Around ninety bears live in the Bieszczady mountains in the south east and in the Tatras, down south.  But their habitat is shrinking.


Krystyna Kolosowska reports


Last year three tourists went on trial after brutally killing an 18 month old bear cub in the Tatra Mountains. They claimed they had to act in this way because they feared for their life. Conservationists and Tatra park rangers doubted that their assessment of the danger was accurate. This shocking incident rose awareness, perhaps more than various information campaigns, about the condition of wildlife in confrontation with humans.

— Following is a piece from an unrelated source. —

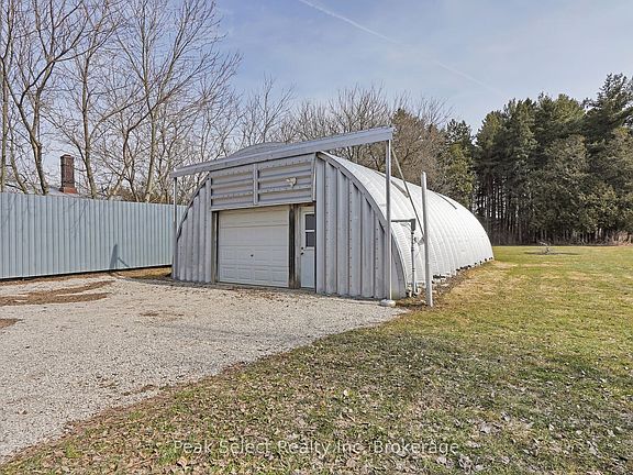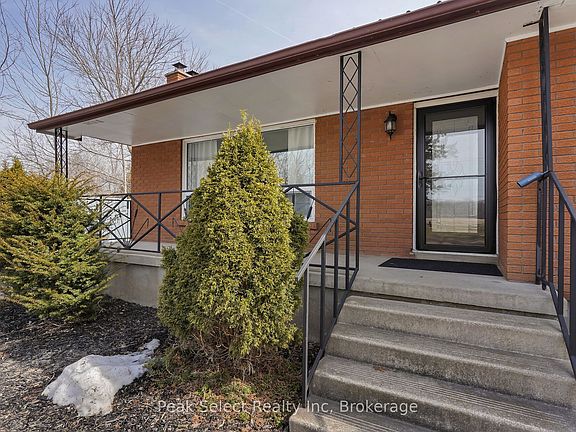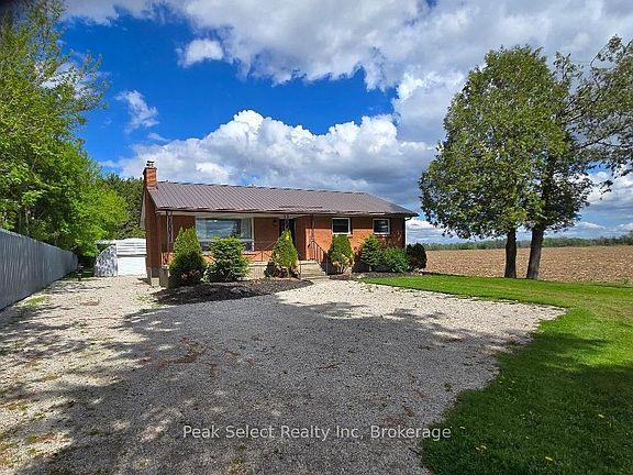 Cute little bungalow that is a PRIVATE rural property with farm field on one side, and high fence on other side and just trees at rear. The GARAGE is about 25 x 40 ft estimate with concrete floor, hydro and single garage door but likely fit two cars in tandem! The little, country, cozy brick, one floor home is on just right, not too big, lot, private and short drive to City/Shopping/Saturday market. >>>Plus, some of the expensive updates are done: 2023 drilled WELL; most WINDOWS, updated KITCHEN, bathroom, METAL roof, exterior doors, some flooring 2024. Appliances are newer too! Bring the RV, Boat, trailer or truck home since lots of parking for all. This home has the covered front porch to welcoming updated flooring in living room with wood burning fireplace (as-is); open to dining area, then updated kitchen with cabinets & appliances and off the kitchen is convenient door to deck & rear yard. THREE bedrooms on the main. Four piece, updated bathroom with glass shower doors. The lower level has family room with bar & fridge; plus 2 piece bathroom that is off unfinished room with its 2 windows-could be a den/ potentially a 4th bedroom. Utility area with storage plus large cold cellar for tons of storage. Great UPDATES (approx dates): 2023 New Drilled well; Well equipment 2019; 2024 Living room flooring; 2022 most new windows on main; 2022 renovated kitchen; 2021 updated main bathroom including Bathfitter tub/shower; and in previous years - METAL roof; front & rear door. In right season enjoy the Lilac, pear and other trees in spacious lawn with no views of neighbours -crops to one side; high privacy fence to other side; farm pasture, with view of cattle, across the road ,and backs onto a treed area behind. Measurements per virtual tour. Dates are approximate. Lot is about 66 x 330 ft - lots of room for 4 legged friends and the gardener. Add your touches and vision to make this your dream country property close to the City. Shorter close is preferred.

Piotr Krzan, a forest ranger in the Tatra wildlife management section, says a massive information campaign on how tourists should behave when they see the brown bear,  is especially important in early spring. That’s the time when bears come to the lower parts of the mountains in search of food.

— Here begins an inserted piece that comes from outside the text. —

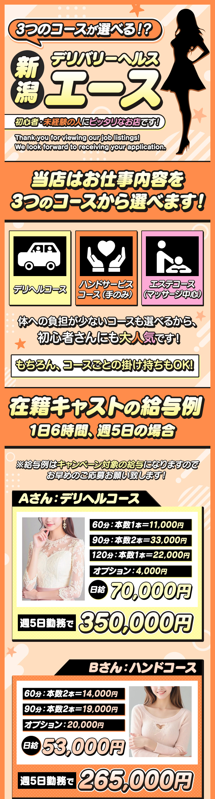 こんにちバニバニ!!デリバリーヘルスA(エース)副店くんです♪夜帯が不足しています!!新生活を迎える学生さんもなにかと出費がかさむ春!!お金はあるに越したことはないですよね♪♪今のうちにちょっぴり秘密のアルバイトいかがですか?☆初めてでも安心!!当店は優良会員様のみお届する顧客管理を日頃から実施しておりますので、安心してお仕事していただけます。☆優しいスタッフ!!みんな優しい(笑)女の子が働きやすいお店を目指しており、一人一人にあったアドバイスを心がけています。☆体験入店大歓迎!!今の風俗はテクニックよりハートです!!あなたの一生懸命がお客様の心を満たしていきます。未経験者大歓迎です!!※いつでも面接お伺いいたします!!お話だけでも遠慮なくご相談ください。『エース』に来るなら今がチャンスです!!入店5日間60分最高¥11000バック!!みなさんの『私これだけやれます!!』の思いが金額に反映されます!!エースは無敵を目指します!!!当店は長年新潟で営業しており、会員のお客様は多数いらっしゃいますので、面接からの体験入店でもお仕事入ります!!ご安心ください♪私たちのお店はみんなで作り上げていくお店です!!※キャストさんの募集はもちろんですが、スタッフさんの募集も随時行っております\(^o^)/https://www.gangan.bz/jobs/253/【もっと詳しく知りたい方はコチラ】↓↓↓↓↓▼担当者携帯▼080-2157-1055▼LINE ID▼@yrn7945c
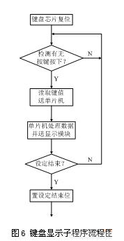 系統軟件總體流程圖如圖3所示。系統上電后,首先進行初始化,對寄存器和I/O端口進行設置。當檢測到按鍵有效信號,讀取按鍵數據,傳遞給單片機并送顯示模塊顯示,鍵盤設定結束后置標志位,單片機檢測到此信號后,開啟第1路繼電器進行加熱。此時初始化數字溫度計DS18B20進行溫度測量,并將測得實時溫度數據送單片機處理,再由顯示模塊顯示。DS18B20每測完一次溫度后,就將實測溫度值與設定溫度值的上限和下限進行比較,如實測溫度高于設定溫度的上限,轉到繼電器關閉處理程序,檢測每一路繼電器的開、關狀態,按照第3路、第2路、第1路的順序關閉繼電器(每執行1次關閉1路繼電器);如實測溫度低于設定溫度的下限,轉到繼電器開啟處理程序,檢測每一路繼電器的開、關狀態,按照第1路、第2路、第3路的順序開啟繼電器(每執行1次開啟1路繼電器)。在之后的系統工作中始終循環測溫~溫度值比較~開啟或者關閉繼電器這樣的流程,以達到對加熱區域溫度恒溫控制的目的。

The Tatra National Park is visited by two and a half to three million tourists annually. Most are actually not prepared for an encounter with the brown bear. Many don’t even follow the basic rule, which says: do not feed the bears. The Tatra National Park runs a program aimed at protecting the bear against tourists.

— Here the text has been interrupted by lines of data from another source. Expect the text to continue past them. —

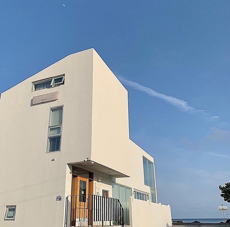 랜딩커피는 신양섭지해수욕장과 나란히 있다. 인테리어와 아웃테리어가 바다라고 해도 과언이 아닐 정도로 통창과 오션 뷰가 특징이다. 공간은 폭이 좁고, 하얀색 벽과 천장, 옅은 색 테이블과 의자를 놓았고, 2층은 바다 조망을 위해 테이블을 일렬로 배치하고 어린이 제한 구역으로 운영 중이다. 시그니처 음료인 아일랜드 티는 붉은 과일을 써서 색감이 드러나고, 코코넛밀크가 들어간 카페모카와 장난감같이 생긴 무스케이크 등 사진찍기 좋은 카페이다. 주변 여행지로 섭지코지가 있다.
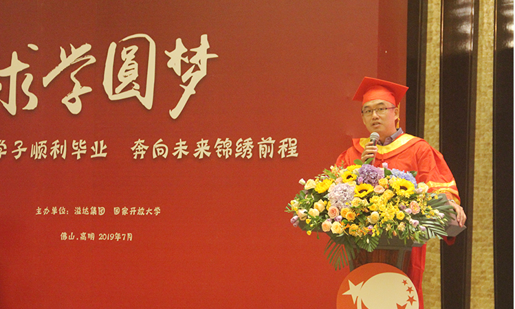 近日,国家开放大学“求学圆梦行动——溢达助力计划项目”首届毕业典礼在佛山市高明区举行,国家开放大学副校长林宇参加毕业典礼、致辞并为优秀毕业生颁发毕业证书。
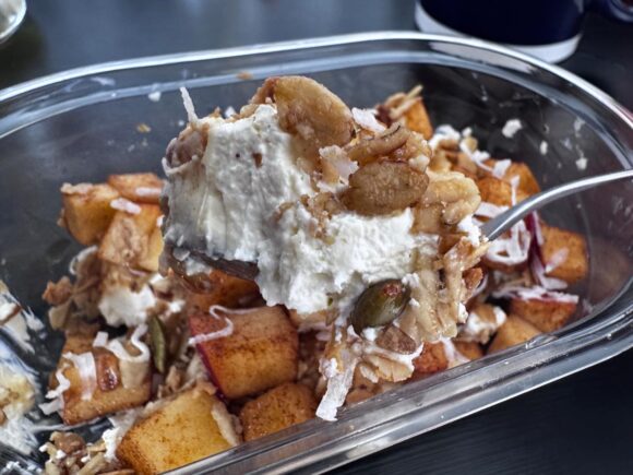 グリークヨーグルトに、いろんなトッピングチョイスがあって、今回はアップルシナモンにしまいstあ。
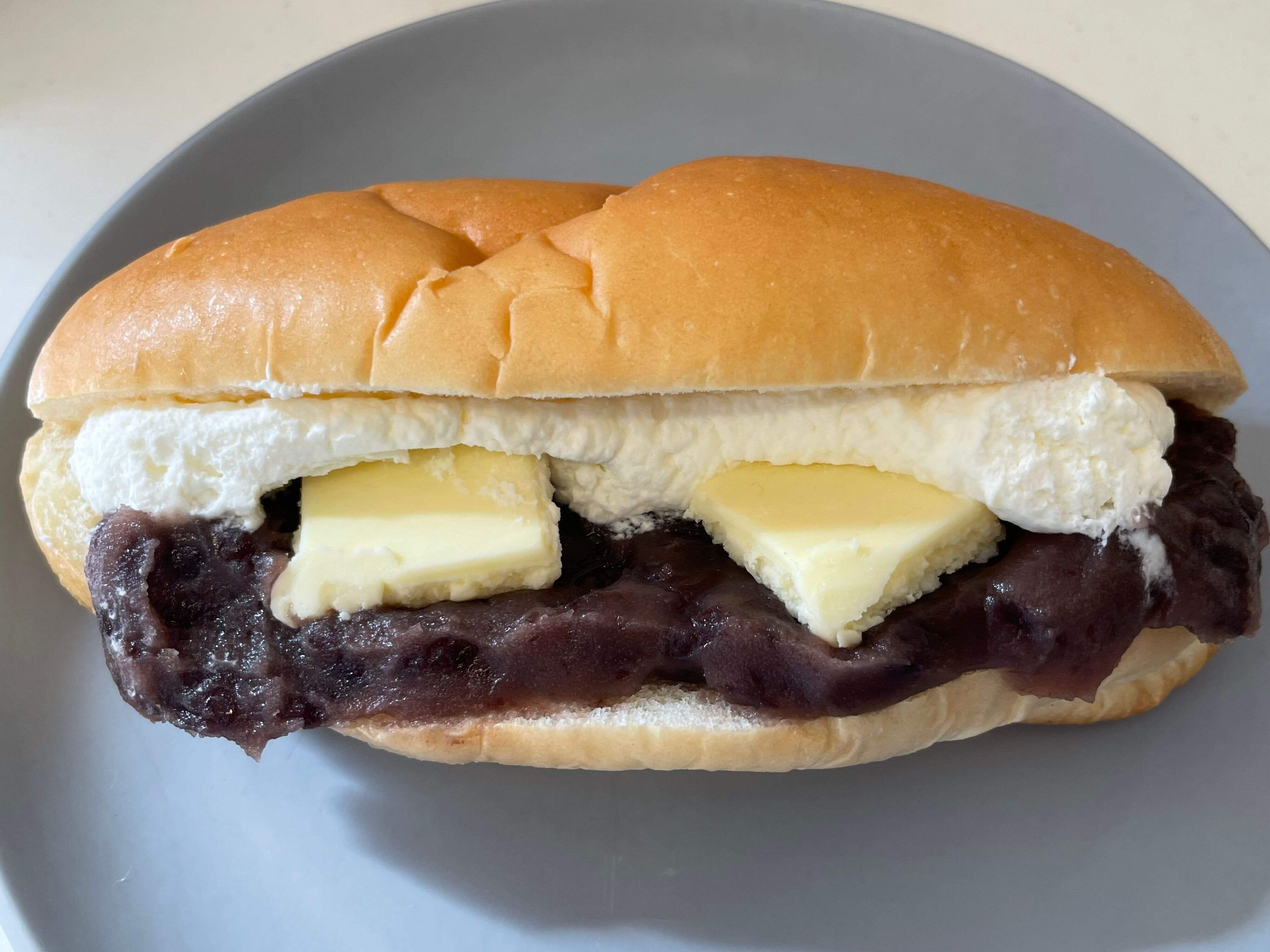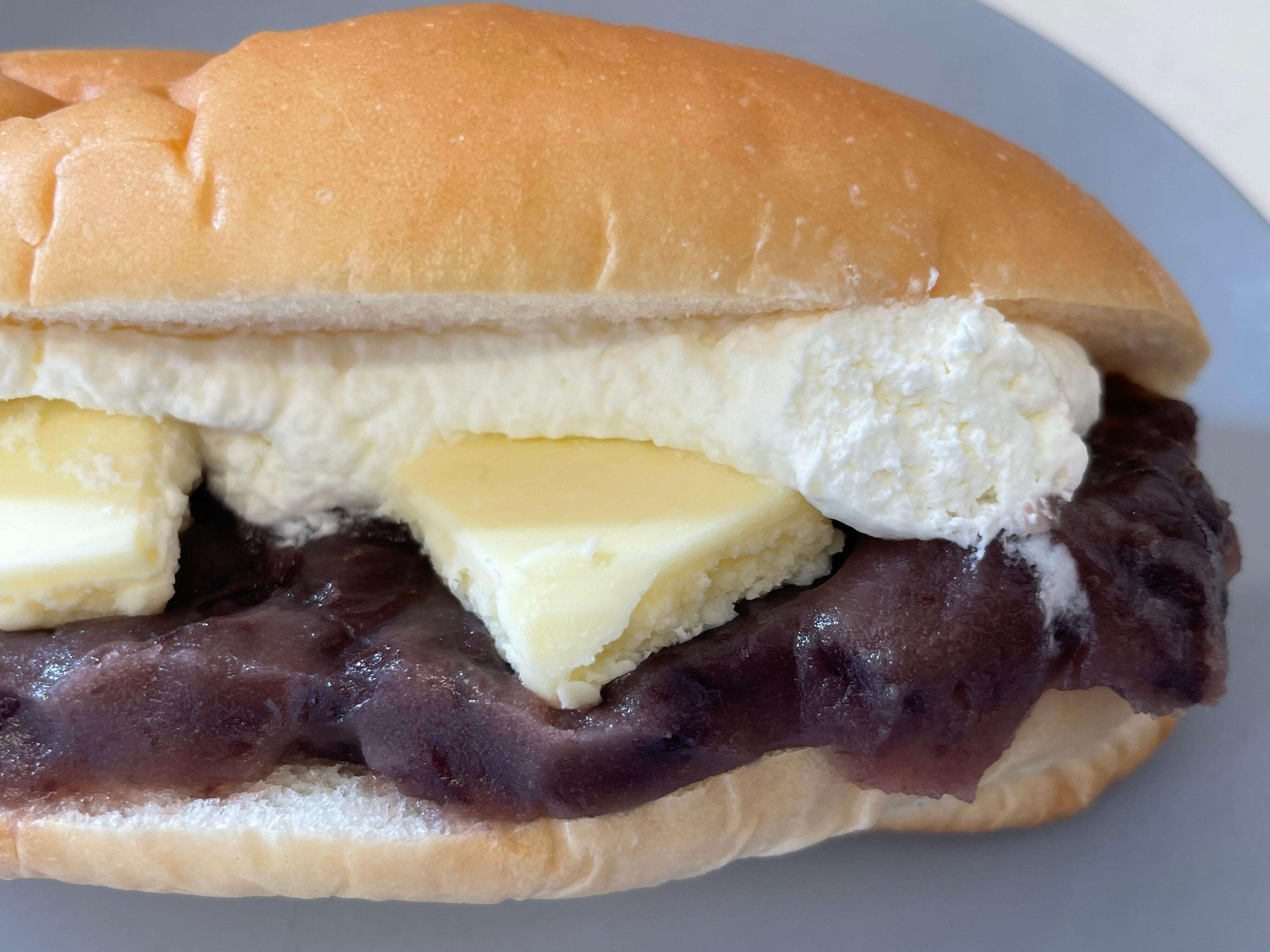 ふわっと軽くミルキーなホイップクリームと、こし餡にちかい餡は甘さ控えめで、バターは塩っ気はそこまで感じませんでした。餡がねっとりとしていてホイップクリームに絡みつくのがいいですね。バターを固形のまま食べるのは苦手ですが、くどさがないので大丈夫でした。
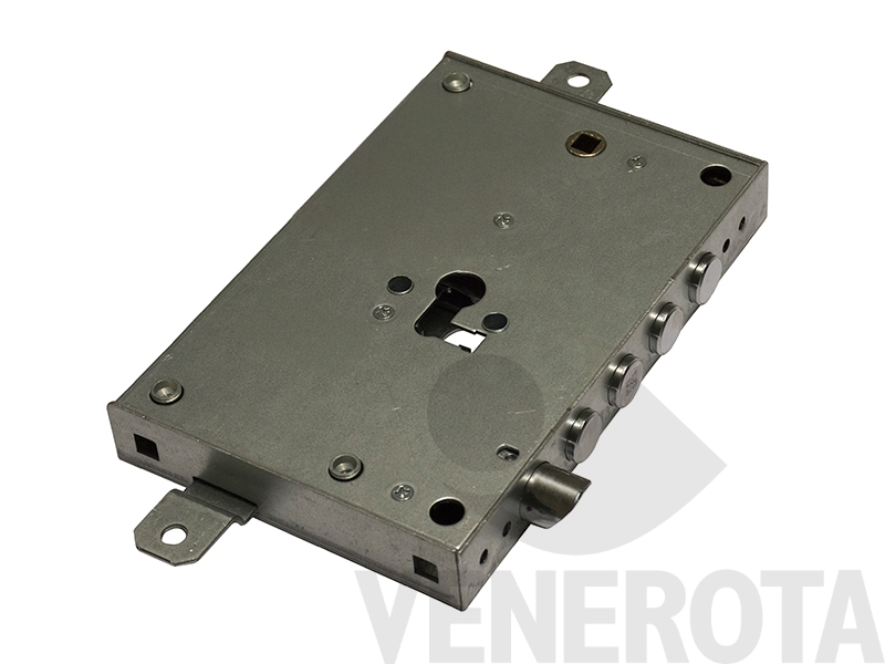 Serratura triplice ad applicare Securemme per porte blindate, senza cuore di chiusura, predisposta per doppia mappa o cilindro europeo.

The park authorities place emphasis on the education of tourists. They also fit the brown bears with telemetric and as of late GPS transmitters, thanks to which their whereabouts are known at all times. Litter containers at mountain hostels are protected with electric fences to scare off lazy bears, who would rather feed on food from the bin than hunt for themselves.  
WWF Poland, too, is running a brown bear protection campaign. Stefan Jakimiuk has just returned from the Bieszczady Mountains, the biggest brown bear habitat in Poland, where the organization has been doing a lot to reduce conflict situations between brown bears and people.


Maciej Krupa, an experienced Tatra mountain guide has had some memorable encounters with the brown bear. He recalls with special fondness how he and a party of tourists saw a bear mum with three cubs, frolicking on a mountain slope in early spring.